Пулария изменился неузнаваемо. Он лежал на спине, обросший рыжеватой щетиной, с глубоко запавшими щеками и заострившимся носом, который у него и до болезни был длинный и хрящеватый. Увидев Гогу, он с усилием улыбнулся и хотел что-то сказать, но дежурившая при нем почти безотлучно Евдокия Степановна — жена Шалико Джинчарадзе — жестом велела ему молчать. В груди у Пулария булькало и переливалось, и он время от времени, с трудом привставая на локте, сплевывал в специальный сосуд, после чего в изнеможении вновь откидывался на спину и закрывал глаза.
Гоге стало жутко: неужели и папа сейчас лежит вот такой же изможденный и беспомощный и уже ни у кого нет ни сил, ни средств ему помочь? И сына, старшего сына, нет около него, а, может быть, нет и дочери. Успела ли Лена приехать? Из Дайрена до Харбина поезд идет ровно сутки, но давно ли папа заболел? Гога не знал, чем отец болен на этот раз. Чаще всего у отца бывал бронхит, последнюю зиму он два раза тяжело болел воспалением легких. А что сейчас?
Пулария еще раз с усилием приподнялся на локте и сильно откашлялся, пытаясь прочистить горло. Потом он снова откинулся на подушку, но глаза не закрыл. Видно было, что он хочет что-то сказать и собирает силы.
— Георгий, — заговорил он негромко, но вполне внятно, устремив на Гогу свои серо-зеленые, глядящие уже о т т у д а глаза.
— У меня в чемодане… завернуты… в наш флаг… погоны… Возьми их себе… сохрани…
Он хотел сказать что-то еще, но, как бы чувствуя, что договорить до конца не удастся, только слабо повел рукой.
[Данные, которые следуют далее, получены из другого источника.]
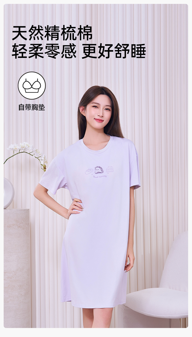 【带杯垫】熳洁儿 95棉春夏新款家居服连衣裙休闲睡裙可外穿26203209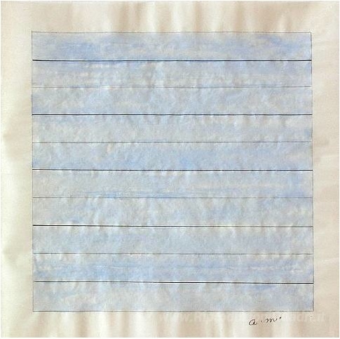 Ti offriamo una riproduzione artigianale su tela dell'opera famosa 'Senza titolo' di Agnes Martin, dal Museo delle Riproduzioni.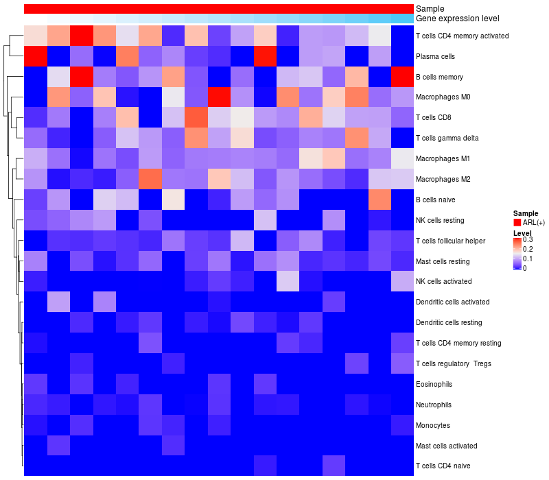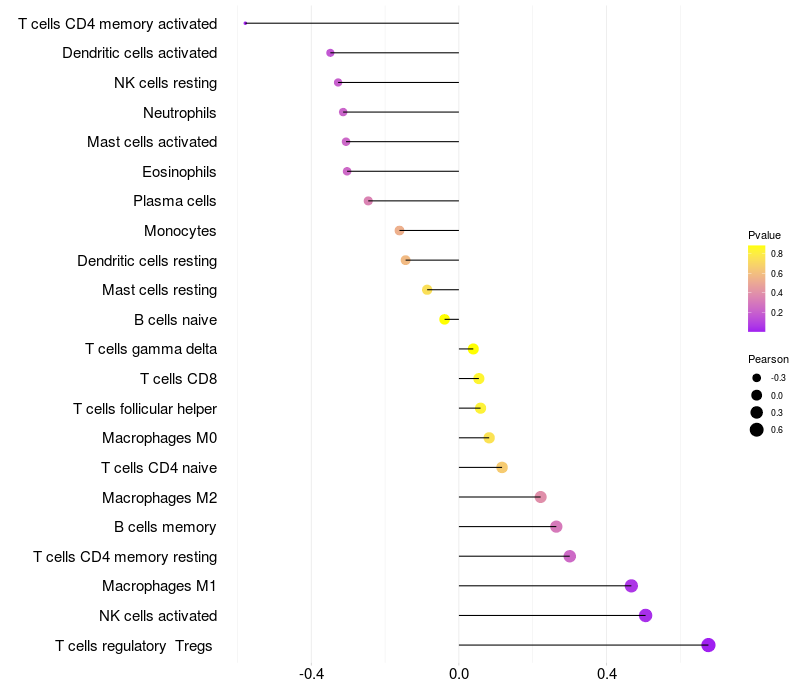 Relationship between gene expression and immune infiltrating cell level

— Вы сейчас идите, Гога, — вполголоса проговорила Евдокия Степановна, наклонившись к Гоге, — а то он волнуется.
За суровой, даже грубоватой внешностью этой женщины скрывалось отзывчивое и щедрое сердце. Сама она была из-под Тамбова, за Шалико Джинчарадзе вышла замуж в Сибири, но местные грузины называли ее «грузинской мамой», хотя некоторые были не младше ее. И стол на праздники она накрывала чисто грузинский, и хачапури пекла, как никто.
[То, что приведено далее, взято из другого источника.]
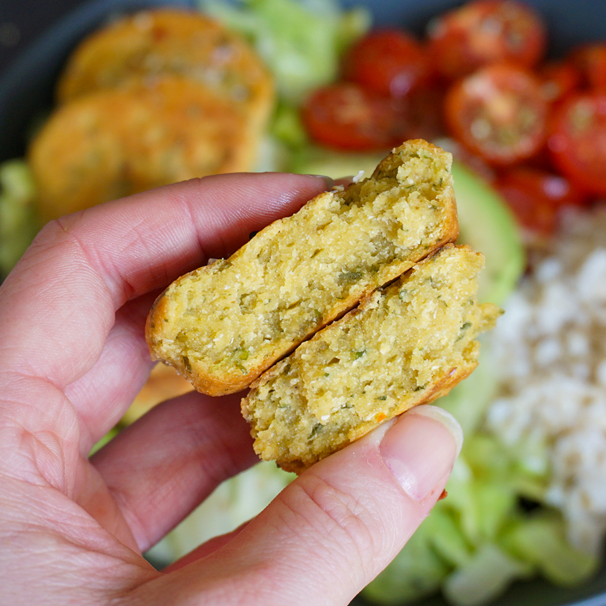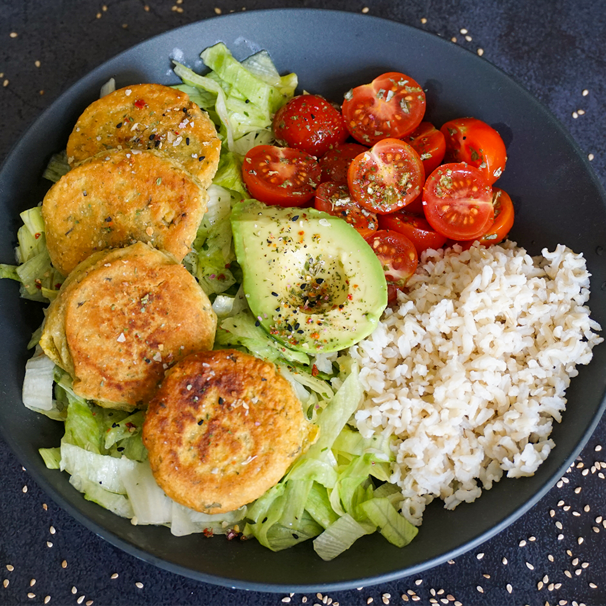 erhitzen und die Teiglinge auf allen Seiten goldgelb braten. - Hier: mit Salat, Tomaten, Avocado und Reis serviert.

Повинуясь Евдокии Степановне, Гога встал. Что-то надо сделать. Он наверняка видит Луарсаба Пулария в последний раз. Гога смотрел на него. Больной снова закрыл глаза. Грудь его высоко вздымалась и опускалась. Одна рука была вытянута вдоль тела, другая лежала на груди, непроизвольно поднимаясь и опускаясь вместе с нею. Гога смотрел на эту руку со смешанным чувством отчуждения и боязливости — это не была нормальная человеческая рука: кожа туго обтягивала фаланги пальцев и на выпиравших суставах — побелела. И все же это была рука, державшая когда-то оружие и защищавшая Грузию. Сделав усилие над собой, Гога шагнул в сторону кровати и, наклонившись, поцеловал ее — сухую и неожиданно горячую, но уже не имевшую силы двигаться. Она слегка дрогнула, пальцы на ней выпрямились, и Гога заметил, что Луарсаб Пулария на несколько мгновений открыл глаза. Потом он их снова закрыл и, как рассказывала впоследствии Евдокия Степановна, больше уже не открывал.